Prices swing wildly.
Soothed by intrinsic value,
we both ignore them.
(Note to the barbarians: It’s haiku)
Herein I revert from no-intrinsic-value bitcoin to the deepest, dirtiest value in my book: refined crude products tankers.
I own STNG, I own VAL, I own TDW, I have my kid in TNK, I sometimes kick around TRMD with Bowd, I’ve followed other tanker and rig stocks. All these businesses buy big, expensive, complicated assemblies of metal and lease them out to the oil & gas industry. Most have been written up here and discussed on comment boards. I have a few new things to say about them, most of which apply to the entire group. I also cover old ground for context.
I’ve picked STNG because I’ve known it the longest and it probably has the biggest short-term catalyst coming. Unlike VAL and TDW, STNG is currently over-earning. The factors driving the over-earning will fade or collapse, earnings will fall, the stock price will probably fall at that point. But, similar to bitcoin: From what starting peak price, and by how much? Probably higher than here, and by not enough to make the stock an “avoid.” The probability-weighted intrinsic value is great and will still look great then. Do you prefer a 3x current cash earnings multiple that will someday rise to 7x (assuming the stock price doesn’t move), or a 20x multiple that will fall to 7x in two years? If the latter, you’re a TDW prospect. I like both, I own both.
INDUSTRY DEMAND & SUPPLY
Back to the industry perspective. While each of these stocks has its important idiosyncrasies, from now on they are all the same trade, at the most important level. The trade is:
It’s a sunset industry, but it’s going to be a beautiful sunset.

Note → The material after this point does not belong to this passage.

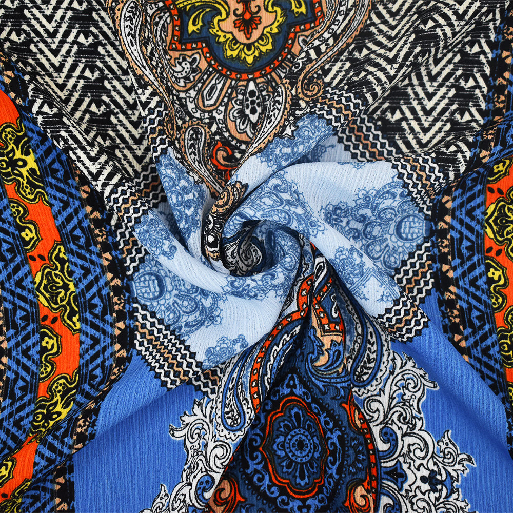 Blue-Orange-Multi Baroque Printed Poly Crepe Georgette Woven Fabric

The foundation behind this point is this old industry quip:
The world needs 501 tankers, there are 500 available => industry boom!
The world needs 499 tankers, there are 500 available => bust!
That's barely an exaggeration. Day-rates (revenue per day per vessel, or rig) are highly sensitive to slight changes in the supply/demand balance.
Demand for rigs, OSVs, and tankers is going to remain robust for years to come, because demand for oil will remain robust, despite humanity working hard to reduce it. Developed-world reduction of most kinds of fossil fuel uses will take decades to accomplish. (Most obvious example: If X% of future car sales are EVs each year, growing to Y%, how many years until the global fleet is Z% electric?) Meanwhile, oil usage in emerging countries, with well over half the world’s population, will keep growing despite energy-mix-shift as they grow richer and grow energy use per person. The resulting total oil demand has not yet peaked and, when it does, it will decline slowly.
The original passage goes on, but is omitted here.